Auf jeden Fall wird es immer kälter und ich immer fertiger von der Kälte, dem Regen und dem Restalkohol. Auf irgeneinem Rastplatz falle ich von der Maschine ins Gras und schlafe erstmal eine Stunde. Ich wache auf mit dem dringenden Bedürfnis mich zweimal in einen zufällig neben meinem Kopf blühenden Löwenzahn zu übergeben, was ich auch sofort in die Tat umsetze. Jetzt einen halben Meter nach links und nochmal eine halbe Stunde genickt. Eklig?! Was solls: mit Hallenser Nummernschild muß man dem Stand schließlich alle Ehre erweisen. Jetzt geht es besser und die Schweizer Alpen trösten mit ehrlichen Steigungen, Spitzkehren und Campingmobilen die versägt werden wollen. Oben auf dem passo di bernhardino verleihe ich meiner MZ den Bergmeisterorden. Auch andere Leute sind da, denen ebenfalls ein bischen kalt ist. Nun geht's runter nach Chur und nach unzähligen Tunneln und Abfahrten wird es zunehmend sonniger und wärmer. Vaduz - nein, das hat nichts mit "sich wundern" zu tun - und immer weiter auf der Autobahn, ich will ja schließlich heute abend wieder zuhause sein. Dann noch mal kurz Österreich, wieder Zollbrigade und ich düse über Kempten, Kaufbeuren, Memmingen zurück nach München.

mz ts 250 auf dem skt. bernhardpassblick ins tal (ewige spitzkehren)passo di bernhardino (im schnee)

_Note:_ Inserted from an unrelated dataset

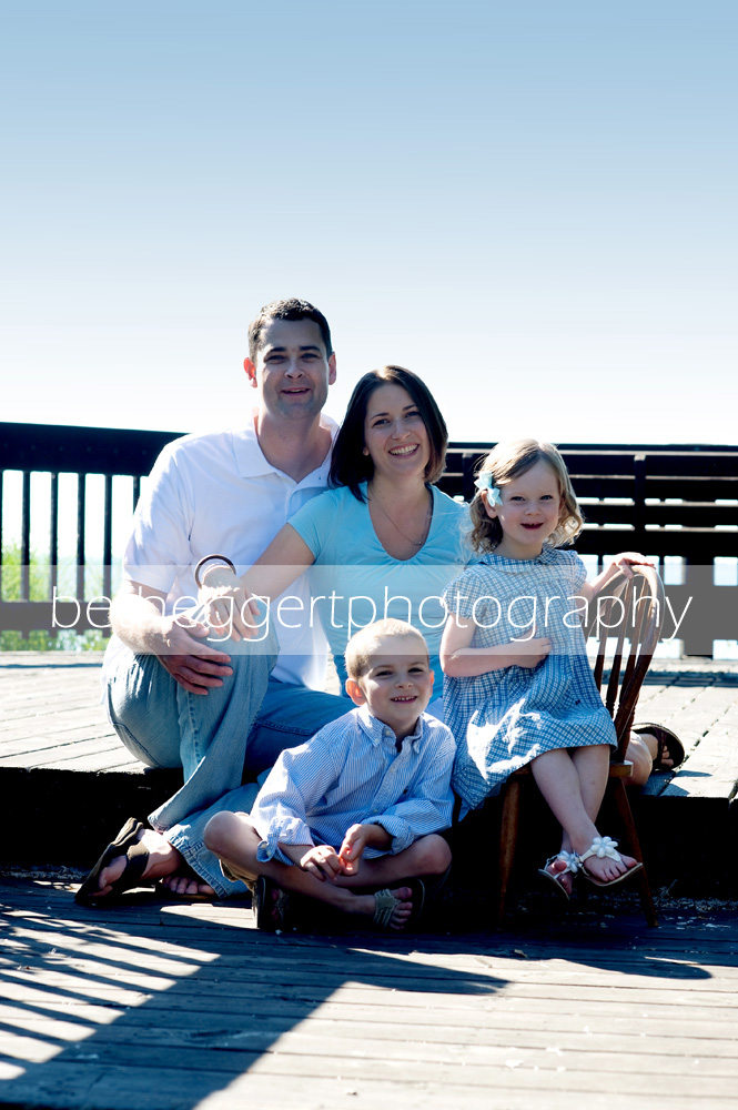 Meet the B family! It was such a pleasure to work with Anna and Howard and their two beautiful children. We were lucky that the rains stopped in time for the ground to dry out a bit. It was still just a touch soggy in some parts of lovely Patterson Park but overall, definately do-able. The morning of our session the sun was shining, the lake was glistening and the fish flies were a-flying… yep, good thing the kids think the fish flies are fun…me, I’m okay with the little bugs…especially when they help make my job easier. What little boy can resist bugs stuck to a camera lens, or to mom’s knee or on dad’s head? And little B was a great sport too. She was happily kicking up swarms of the little sticky bugs while we made our way to the boardwalk and gazebo. I know my own daughters, who are much much older, would’ve been totally freaked out by the fish flies!

Keine Panne bis hierhin. Nein?! Kommt aber noch! 20 Kilometer vor München, ich habe ein letztes mal getankt, geht plötzlich die Ladestromleuchte nicht mehr aus. Grob überschlagen müsste die Batterie noch soviel Ladung haben, daß ich mit Licht, denn es ist jetzt schon dunkel, genau bis nach Hause komme, Zündung kost' ja nix! Ich muß mich halt beeilen und verfahre mich irgendwo in den Münchner Suburbs. Licht aus, Strom weg, Motor aus. Fuck! Neubert Müller meint, die Kohlen klemmen, das meine ich auch, aber verdammt... hätte ich doch längst mal die Kreuzschlitzschrauben an der Lima-Seite auf Innensechskant umgerüstet. Mit dem popeligen Bordschraubenzieher kriege ich die jedenfalls nicht auf. aber Not macht ja bekanntlich erfinderisch. Die letzten fünf Kilometer fahre ich mit Notbeleuchtung, ich hatte doch noch diese kleine Taschenlampe einstecken... Und immer schön mit 3000 U/Min an jeder roten Ampel warten, damit die Lima genug Strom für die Zündung hergibt. Das sah schon ziemlich krass aus. Aber was tut man nicht alles, um nicht schieben zu müssen.

 

notbeleuchtung mit kleiner taschenlampe

Alles in Allem kann ich diese Tour nur jedem empfehlen, der sein Moped mal ein bischen scheuchen möchte. Es gibt sicherlich bessere Zeiten, einmal nicht unbedingt an Ostern, weil in Italien dann jeder bei Mama feiert und zweitens kann ich zur Nachahmung bei angenehmeren Temperaturen nur aufmuntern.
Ansonsten kommen MZs in Italien ziemlich gut an, wundersamerweise kennt die da niemand und das bestärkt das Gefühl endlich zu der Person geworden zu sein, vor der Dich schon immer alle gewarnt haben.